Ok, looking at these results it is clear that Religion and Disease are problems still. This is where we would need to start asking ourselves if we had enough data and what our analysis’s goals are. If we were trying to explore what features were related to these Diseases then we will need more data since no matter what we do the No illness will always be alone. In this instance we could drop that value:

filteredData = rawData.loc[ ~rawData.Disease.str.contains('illness')].copy()
filteredData.groupby(['AgeGroup', 'Disease']).size().reset_index(name='Count')
AgeGroup Disease Count
0 (16.987, 21.333] Cancer 1
1 (16.987, 21.333] Heart-related 1
2 (16.987, 21.333] Tuberculosis 0
3 (16.987, 21.333] Viral infection 1
4 (21.333, 25.667] Cancer 0
5 (21.333, 25.667] Heart-related 1
6 (21.333, 25.667] Tuberculosis 1
7 (21.333, 25.667] Viral infection 1
8 (25.667, 30.0] Cancer 1
9 (25.667, 30.0] Heart-related 1
10 (25.667, 30.0] Tuberculosis 1
11 (25.667, 30.0] Viral infection 0

Not quite there. So, another technique which will assist us is generalizing the Disease values. We’ll use a substitution heirarchy to replace some values in the data with slightly less accurate values.

heirarchy = {
    "Cancer": "Body",
    'Viral infection': 'Body',
    'Tuberculosis': 'Chest',
    'Heart-related': 'Chest'
}

filteredData['heirarchy'] = filteredData['Disease'].apply(lambda x: heirarchy[x] if heirarchy.get(x) else x)
filteredData.groupby(['AgeGroup','heirarchy']).size().reset_index(name='count')
AgeGroup heirarchy count
0 (16.987, 21.333] Body 2
1 (16.987, 21.333] Chest 1
2 (21.333, 25.667] Body 1
3 (21.333, 25.667] Chest 2
4 (25.667, 30.0] Body 1
5 (25.667, 30.0] Chest 2

Almost there. Let’s re-examine our age bins and make them one more step smaller.

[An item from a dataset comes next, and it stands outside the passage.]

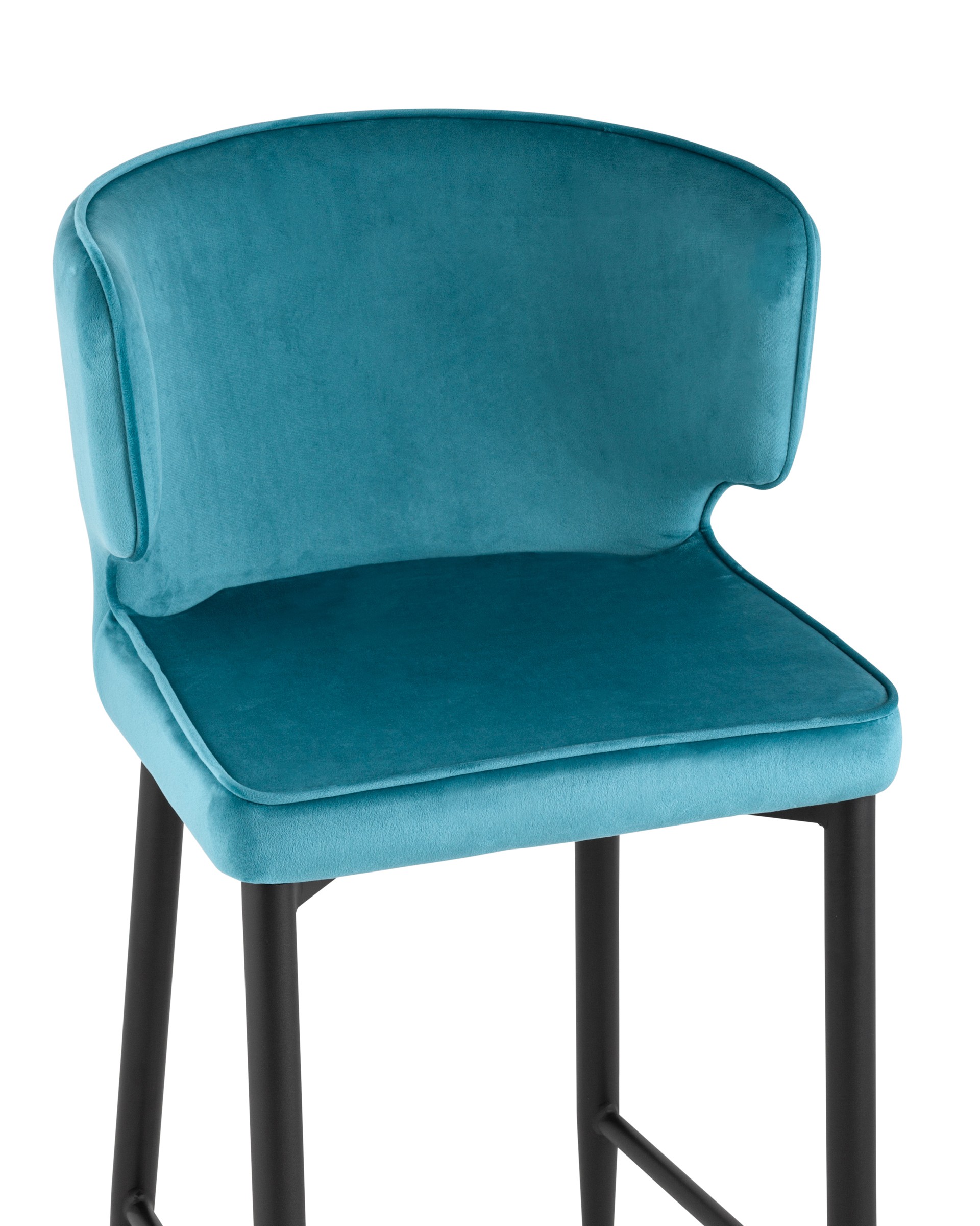 Мягкая обивка выполнена из велюра - прочного износостойкого материала. Прямые металлические ножки в черном цвете имеют нестандартную форму в виде перевернутого конуса, поэтому обеспечивают хорошую устойчивость и делают стул оригинальным. Удобная подножка позволяет расположиться максимально комфортно.

filteredData['AgeGroup'] = pd.cut(rawData['Age'], bins=int(rawData['Age'].std())-2)
filteredData.groupby(['AgeGroup']).size().reset_index(name='Count')
AgeGroup Count
0 (16.987, 23.5] 4
1 (23.5, 30.0] 5

And, there we go! This would be 4-anonymity with respect to Age and Disease. Finally, it is safe to consider using in a public data set or Algorithm. This is a really small dataset but this proces would be how you would anonymize larger datasets as well.